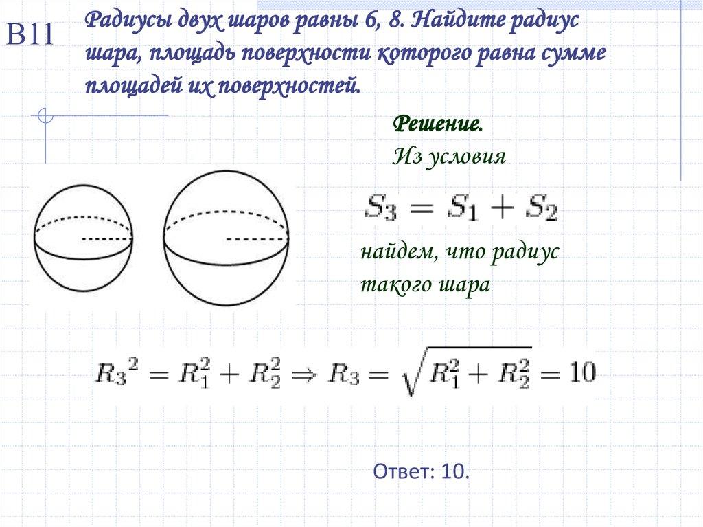 Радиусы двух шаров равны 6, 8. Найдите радиусВ11 шара, площадь поверхности которого равна сумме
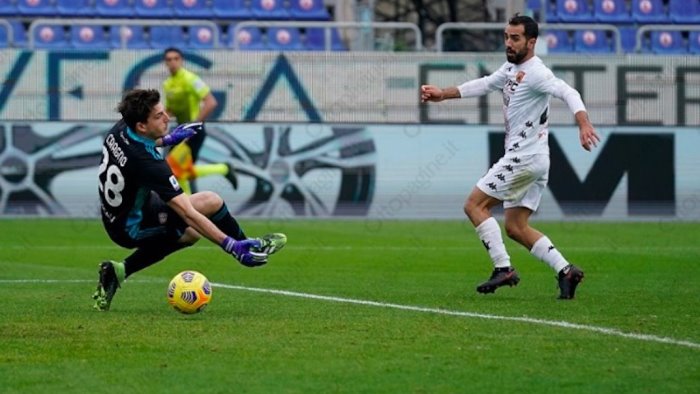 Nella foto di Taddeo il gol di Sau il 6 gennaio 2021 alla Sardegna Arena
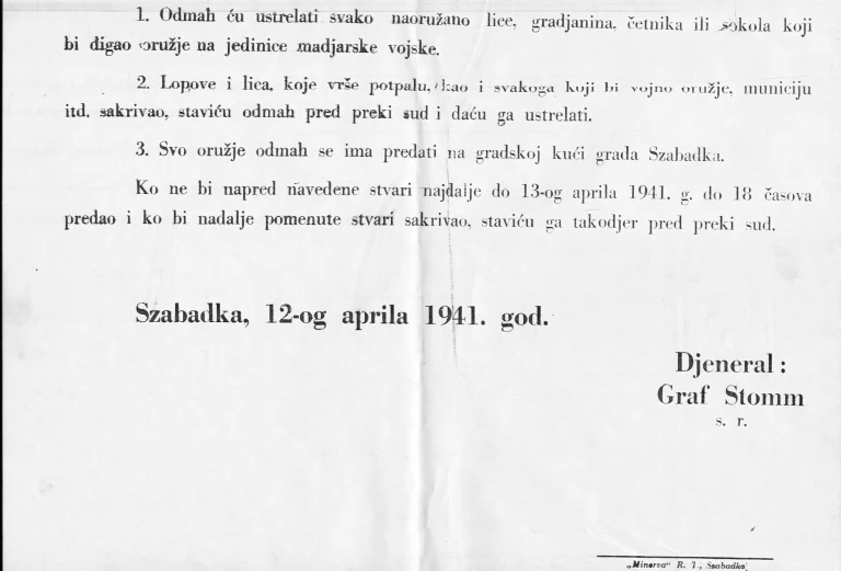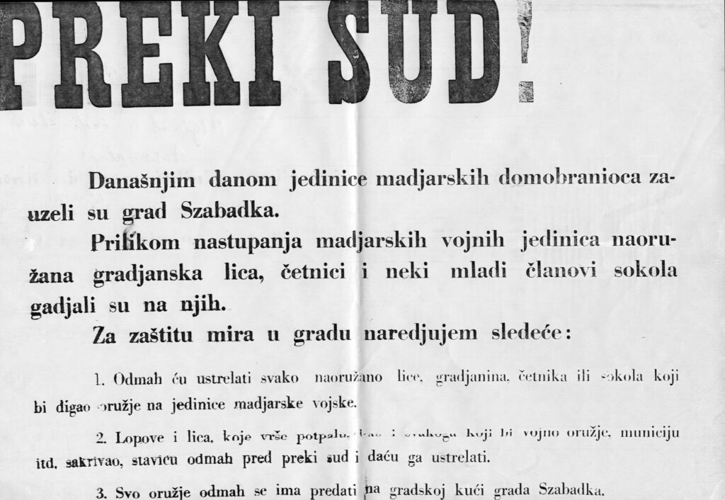 U proglasu o proglašenju Prekog suda u kom se lokalnom stanovništvu nalaže predaja oružja navodi se da će biti streljano svako „naoružano lice, građanin, četnik ili sokol“ koji digne oružje na jedinice mađarske vojske.
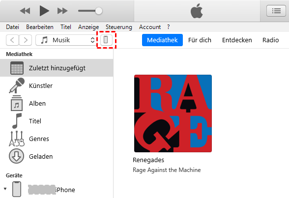 Schritt 1. Starten Sie iTunes und verbinden Sie Ihr altes iPhone mit Ihrem PC > Klicken Sie auf das Gerätesymbol.
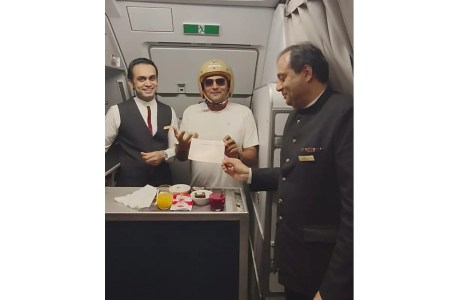 फ्लाइट में इकोनॉमी क्लास की सीट पर बैठे राघवेंद्र को क्रू ने बिजनेस क्लास में आमंत्रित किया। यह सिर्फ सीट बदलाव नहीं, बल्कि उनके सड़क सुरक्षा योगदान का सम्मान था। पूरे क्रू ने उनके कार्यों को सेलिब्रेट किया और एक प्यारा नोट सौंपा। राघवेंद्र ने इसे सपने जैसा बताया – आंखें नम, दिल गर्व से भरा।
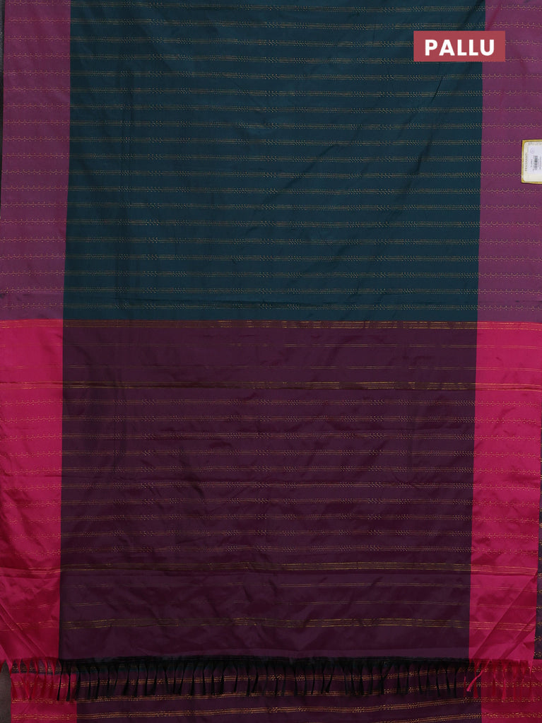 Arani semi silk saree peacock green and pink with allover zari weaves and zari woven border
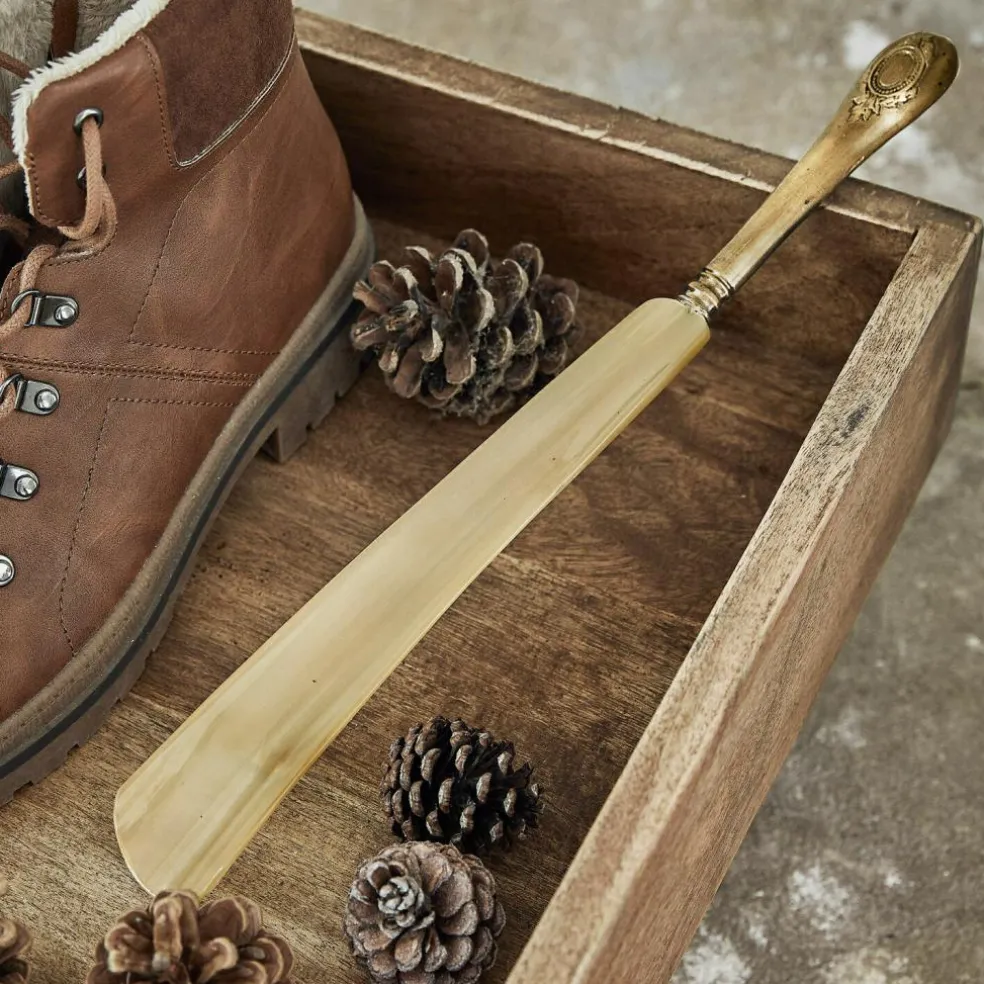 Dieser Schuhlöffel ist Dekoration und Anziehhilfe in Einem. Gefertigt aus natürlich gemasertem Horn und einem vornehm gestalteten Metallgriff der gut in der Hand liegt, macht er schon im Eingangsbereich Ihre Zuhauses auf jeden Gast so richtig Eindruck. Das Highlight: Das Maserung des Horns ist niemals dieselbe – so ist garantiert jedes Stück ein echtes Unikat. Der Antik-Look lässt den Schuhlöffel überdies wirken wie ein Erbstück oder ein Schmuckstück vom Antiquitätenhändler.
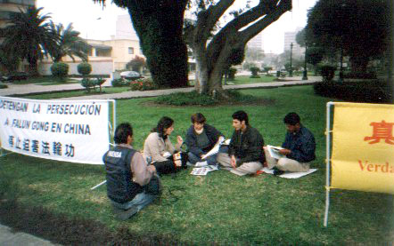 接待我们的是主管网页的记者,是个年轻小伙子。态度非常诚恳,当他看了中国大陆大法弟子受酷刑的图片时,听了我们讲的真象时大吃一惊,因为他不知道什么是法轮功(法轮大法)。他感到非常抱歉。他找来一位年轻人,介绍说是大报记者,希望我们详细再跟他讲一遍。我们从什么是法轮功,法轮功在中国开传至60个国家洪传,学炼法轮功人数达一亿讲起,接着我们以秘鲁法轮功学员向中国大使馆合法合理申请护照延期,而被中国大使馆无理注销护照的迫害罪证事实,讲述自1999年7月20日江氏集团在中国镇压法轮功以来,利用国家所有的工具对中国法轮功学员进行残酷镇压,同时利用媒体隐瞒事实,对法轮功进行歪曲事实,恶毒中伤。这种政治迫害已经从中国延伸至中国以外其他的国家。已经造成对各国民主利益的伤害。
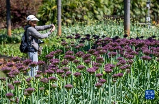 近日,昆明植物園中烏全球蔥園(昆明中心)內(nèi)的近十個(gè)品種、6000余株觀賞蔥屬植物逐漸迎來(lái)盛花期,吸引游客前來(lái)觀光。據(jù)了解,蔥屬植物具有重要的經(jīng)濟(jì)利用價(jià)值,許多種類(lèi)被人類(lèi)作為食用、藥用和觀賞植物進(jìn)行了長(zhǎng)期的栽培利用。
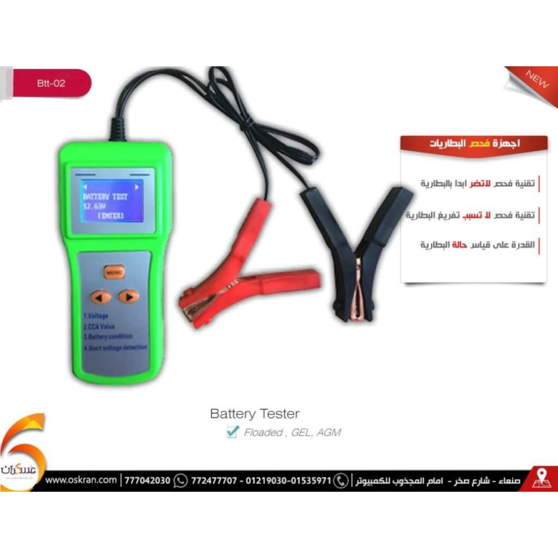 جهاز BTT-02 Battery Analyzer لفحص حالة البطاريات وتحليل أدائها، مناسب للاستخدام في أعمال الصيانة والمتابعة عند الحاجة لمعرفة حالة البطارية قبل الاستبدال أو إعادة الاستخدام. حسب الصورة، الجهاز مخصص لفحص أنواع بطاريات مثل AGM وAcid وGel، ويُستخدم للمساعدة في تقييم البطارية بدل الاعتماد على التخمين. مناسب لفنيي السيارات والطاقة والورش التي تتعامل مع البطاريات. يجب توصيل الجهاز بالطريقة الصحيحة واتباع تعليمات الفحص، كما يجب اعتبار نتيجة الفحص جزءًا من التشخيص وليس بديلًا عن فحص النظام كاملًا.
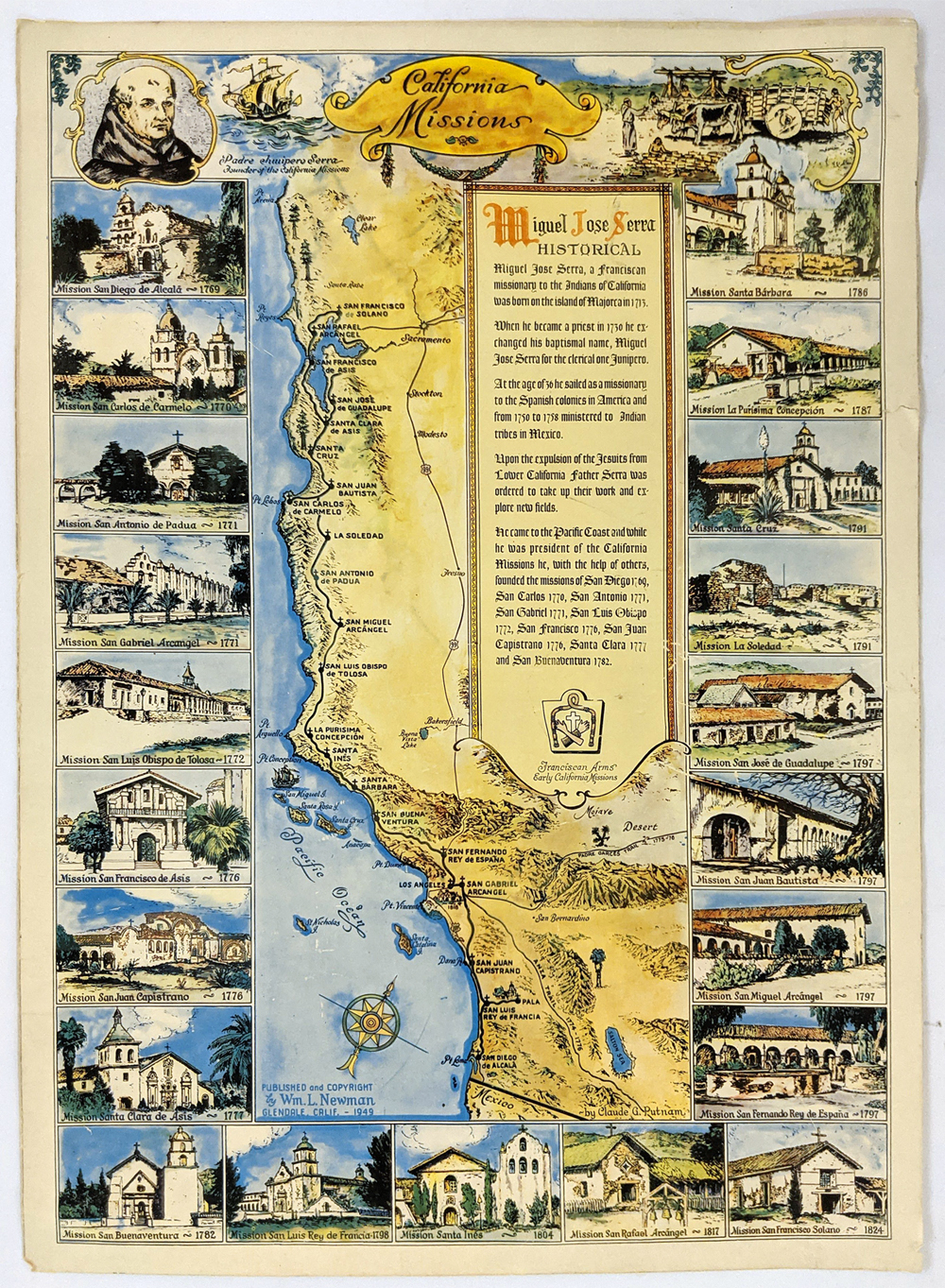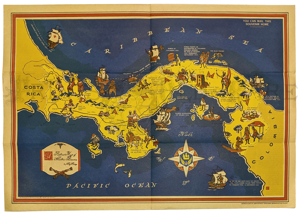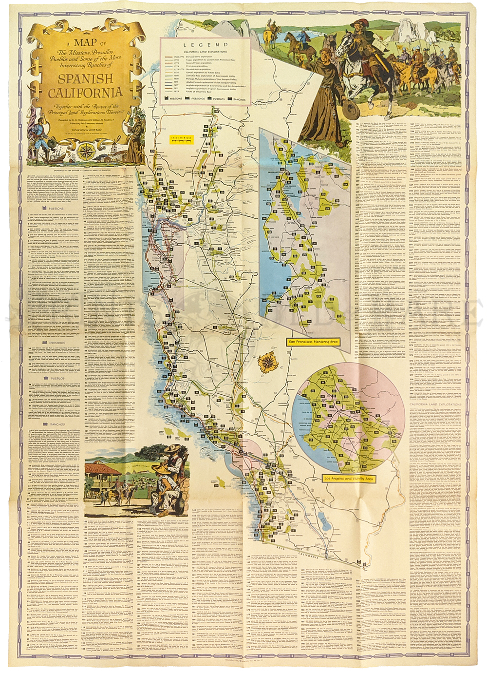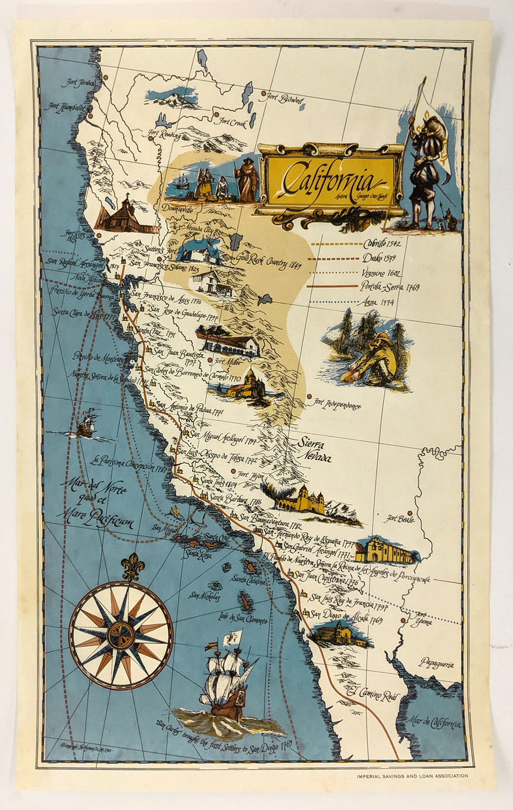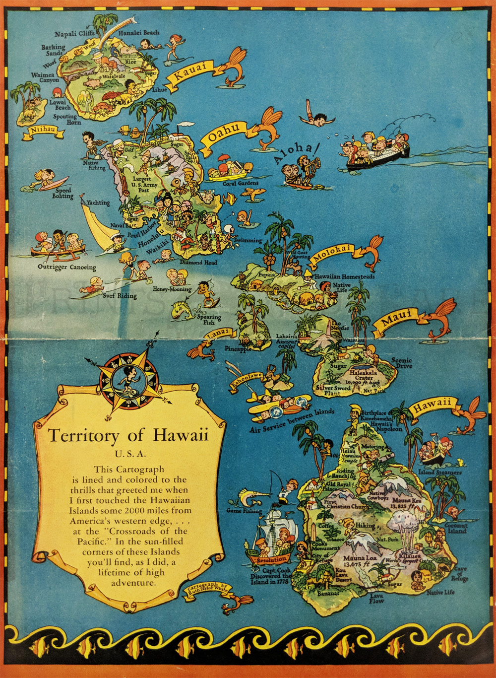 ![]() 009pictorialmaps: Historic Panama by Ting Leon. c.1914. Cartoon images of historical events and Indians. Distributed by Panama Mobile Force and Security Command. Verso: a brief history & map with description. 12 3/8 x 17 7/8 in. $125 ![]() 010pictorialmaps: Spanish California. 1956. A Map of the Missions, Pueblos, Ranchos and Routes of Exploration by Lowell Butler. For AAA, Published by Westways Magazine. 46 x 32 in. $65 ![]() 012pictorialmaps: Map of the US showing the dates of the first known printing in the several states 1940 by WPA by Douglas C. McMurtrie. Verso: American Imprints Inventory Publications. Pencil presentation: “Presented to Dr. Moon 1940.” 11 x 13 7/8 in. $150 ![]() 013pictorialmaps: California Missions Map 1949 Colorful original pictorial map by Wm. L. Newman. Shows locations, routes of the Franciscans, and pictures the missions. This vintage map is in fine condition. Size: 15 x 20 in. $325 ![]() 014pictorialmaps: California Pictorial Map c.1960 by George Otto Hanft. Attractive map – depicting locations and routes and important missions – with handsome compass rare gillions. Published defunct Imperial Savings and Loans. Size: 12 x 18 7/8 in. $250 ![]() 016pictorialmaps: Hawaii Map 1970s by Kim Forrest. Charming pictorial of the Hawaiian Island depicting locations and history. *Pinholes on corners where map was pinned up. Originally folded and now mended along center right fold. 23 x 17 1/4 in. $345 ![]() 018pictorialmaps: South America 1942. Pictorial Map by Ernest Dudley Chase. Published by Rand McNally, it features a decorative border, detailed cartouche and compass nose and points of interest. Fine condition. 20 x 27 in. $250 |

::::::::::

**EXERCISE BRIEF**:
Copy each entry above exactly; drop the pictures.

**RESPONSE AREA**:
 Радиусы двух шаров равны 6, 8. Найдите радиусВ11 шара, площадь поверхности которого равна сумме
 Nella foto di Taddeo il gol di Sau il 6 gennaio 2021 alla Sardegna Arena
 U proglasu o proglašenju Prekog suda u kom se lokalnom stanovništvu nalaže predaja oružja navodi se da će biti streljano svako „naoružano lice, građanin, četnik ili sokol“ koji digne oružje na jedinice mađarske vojske.
 Schritt 1. Starten Sie iTunes und verbinden Sie Ihr altes iPhone mit Ihrem PC > Klicken Sie auf das Gerätesymbol.
 फ्लाइट में इकोनॉमी क्लास की सीट पर बैठे राघवेंद्र को क्रू ने बिजनेस क्लास में आमंत्रित किया। यह सिर्फ सीट बदलाव नहीं, बल्कि उनके सड़क सुरक्षा योगदान का सम्मान था। पूरे क्रू ने उनके कार्यों को सेलिब्रेट किया और एक प्यारा नोट सौंपा। राघवेंद्र ने इसे सपने जैसा बताया – आंखें नम, दिल गर्व से भरा।
 Arani semi silk saree peacock green and pink with allover zari weaves and zari woven border
 Dieser Schuhlöffel ist Dekoration und Anziehhilfe in Einem. Gefertigt aus natürlich gemasertem Horn und einem vornehm gestalteten Metallgriff der gut in der Hand liegt, macht er schon im Eingangsbereich Ihre Zuhauses auf jeden Gast so richtig Eindruck. Das Highlight: Das Maserung des Horns ist niemals dieselbe – so ist garantiert jedes Stück ein echtes Unikat. Der Antik-Look lässt den Schuhlöffel überdies wirken wie ein Erbstück oder ein Schmuckstück vom Antiquitätenhändler.
 接待我们的是主管网页的记者,是个年轻小伙子。态度非常诚恳,当他看了中国大陆大法弟子受酷刑的图片时,听了我们讲的真象时大吃一惊,因为他不知道什么是法轮功(法轮大法)。他感到非常抱歉。他找来一位年轻人,介绍说是大报记者,希望我们详细再跟他讲一遍。我们从什么是法轮功,法轮功在中国开传至60个国家洪传,学炼法轮功人数达一亿讲起,接着我们以秘鲁法轮功学员向中国大使馆合法合理申请护照延期,而被中国大使馆无理注销护照的迫害罪证事实,讲述自1999年7月20日江氏集团在中国镇压法轮功以来,利用国家所有的工具对中国法轮功学员进行残酷镇压,同时利用媒体隐瞒事实,对法轮功进行歪曲事实,恶毒中伤。这种政治迫害已经从中国延伸至中国以外其他的国家。已经造成对各国民主利益的伤害。
 近日,昆明植物園中烏全球蔥園(昆明中心)內(nèi)的近十個(gè)品種、6000余株觀賞蔥屬植物逐漸迎來(lái)盛花期,吸引游客前來(lái)觀光。據(jù)了解,蔥屬植物具有重要的經(jīng)濟(jì)利用價(jià)值,許多種類(lèi)被人類(lèi)作為食用、藥用和觀賞植物進(jìn)行了長(zhǎng)期的栽培利用。
 جهاز BTT-02 Battery Analyzer لفحص حالة البطاريات وتحليل أدائها، مناسب للاستخدام في أعمال الصيانة والمتابعة عند الحاجة لمعرفة حالة البطارية قبل الاستبدال أو إعادة الاستخدام. حسب الصورة، الجهاز مخصص لفحص أنواع بطاريات مثل AGM وAcid وGel، ويُستخدم للمساعدة في تقييم البطارية بدل الاعتماد على التخمين. مناسب لفنيي السيارات والطاقة والورش التي تتعامل مع البطاريات. يجب توصيل الجهاز بالطريقة الصحيحة واتباع تعليمات الفحص، كما يجب اعتبار نتيجة الفحص جزءًا من التشخيص وليس بديلًا عن فحص النظام كاملًا.
 ![]() 009pictorialmaps: Historic Panama by Ting Leon. c.1914. Cartoon images of historical events and Indians. Distributed by Panama Mobile Force and Security Command. Verso: a brief history & map with description. 12 3/8 x 17 7/8 in. $125 ![]() 010pictorialmaps: Spanish California. 1956. A Map of the Missions, Pueblos, Ranchos and Routes of Exploration by Lowell Butler. For AAA, Published by Westways Magazine. 46 x 32 in. $65 ![]() 012pictorialmaps: Map of the US showing the dates of the first known printing in the several states 1940 by WPA by Douglas C. McMurtrie. Verso: American Imprints Inventory Publications. Pencil presentation: “Presented to Dr. Moon 1940.” 11 x 13 7/8 in. $150 ![]() 013pictorialmaps: California Missions Map 1949 Colorful original pictorial map by Wm. L. Newman. Shows locations, routes of the Franciscans, and pictures the missions. This vintage map is in fine condition. Size: 15 x 20 in. $325 ![]() 014pictorialmaps: California Pictorial Map c.1960 by George Otto Hanft. Attractive map – depicting locations and routes and important missions – with handsome compass rare gillions. Published defunct Imperial Savings and Loans. Size: 12 x 18 7/8 in. $250 ![]() 016pictorialmaps: Hawaii Map 1970s by Kim Forrest. Charming pictorial of the Hawaiian Island depicting locations and history. *Pinholes on corners where map was pinned up. Originally folded and now mended along center right fold. 23 x 17 1/4 in. $345 ![]() 018pictorialmaps: South America 1942. Pictorial Map by Ernest Dudley Chase. Published by Rand McNally, it features a decorative border, detailed cartouche and compass nose and points of interest. Fine condition. 20 x 27 in. $250 |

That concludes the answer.